Lay or Peer navigator is a trained person from your community who knows the medical system difficulties & can provide you with support & guidance throughout your care and treatment
Palliative care services is when a medical care team helps you manage the severe symptoms of your illness & gives help to you & your family to improve the quality of your life. Examples of Palliative care services include:
- Expert treatment of pain and other symptoms so you can get the best relief possible
- Open discussion about treatment choices, including treatment for your disease and management of your symptoms
- Coordination of your care with all of your healthcare providers
- Emotional support for you and your family.
Types of cancers
- Triple-negative breast cancer (TNBC) – TNBC is a type of breast cancer where the cancer cells grow very fast and spread easily. Triple-negative means the cancer cells don’t have estrogen or progesterone receptors and also don’t make any or very little of the protein called HER2. When your doctor tests your cancer cells for this type of breast cancer, your test shows that these substances are not there for all 3 of these tests. Your doctor may tell you that you tested negative for all 3 of these substances.
- Ductal carcinoma in situ (DCIS) also known as Intraductal carcinoma – when the cells lining the milk ducts of your breast turn cancerous but do not spread.
- Invasive ductal carcinoma – when cancer cells in your breast grow in the lining of your milk duct, break through the wall of the milk duct and spread into your breast tissue. The cancer may spread to other parts of your body.
- Invasive lobular carcinoma – when cancer cells begin growing in the milk glands in your breast and may spread to your lymph nodes & other areas of your body.
- Inflammatory breast cancer (IBC) – when cancer cells block the lymph tubes in the skin of your breast. Your breast may look red and swollen.
- Paget disease of the breast – when cancer cells begin to grow in your breast ducts and spread to your nipple and then to the dark circle around your nipple.
- Angiosarcoma – when cancer cells grow in the inner lining of the blood & lymph tubes in your breast.
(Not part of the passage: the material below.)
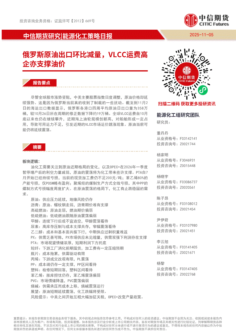 中信期货-能源化工策略日报:俄罗斯原油出口环比减量,VLCC运费高企亦支撑油价-251105
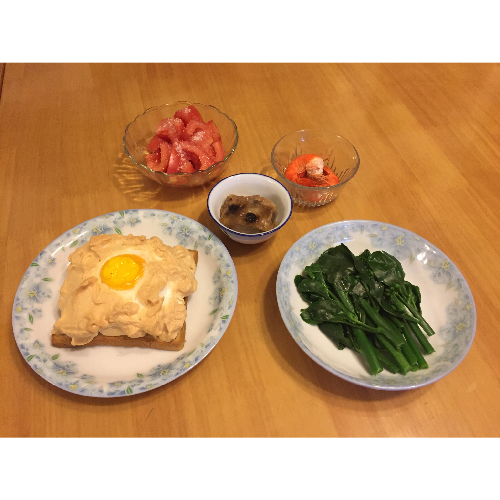 火烧云吐司,水煮菜,水煮虾,糖番茄,排骨^_^

Sometimes it happens in people who have had radiation for breast cancer in the past.
- Phyllodes tumor – when cancer cells grow in the tissue that connects all the parts of the inside of your breast.
Clinical trial– a medical research study that is used to test whether new drugs or treatments are safe and helpful for you
Fertility preservation -People who have cancer and are worried about getting pregnant in the future can have their embryos, eggs, ovarian tissue, sperm or testicular tissue frozen for possible future pregnancy
(Patient) Advocacy training programs are training programs for people to learn how to support patients with cancer, to teach and raise awareness about cancer, to help move research forward, to improve the quality of cancer care and to work with our government and healthcare agencies to improve cancer care and research.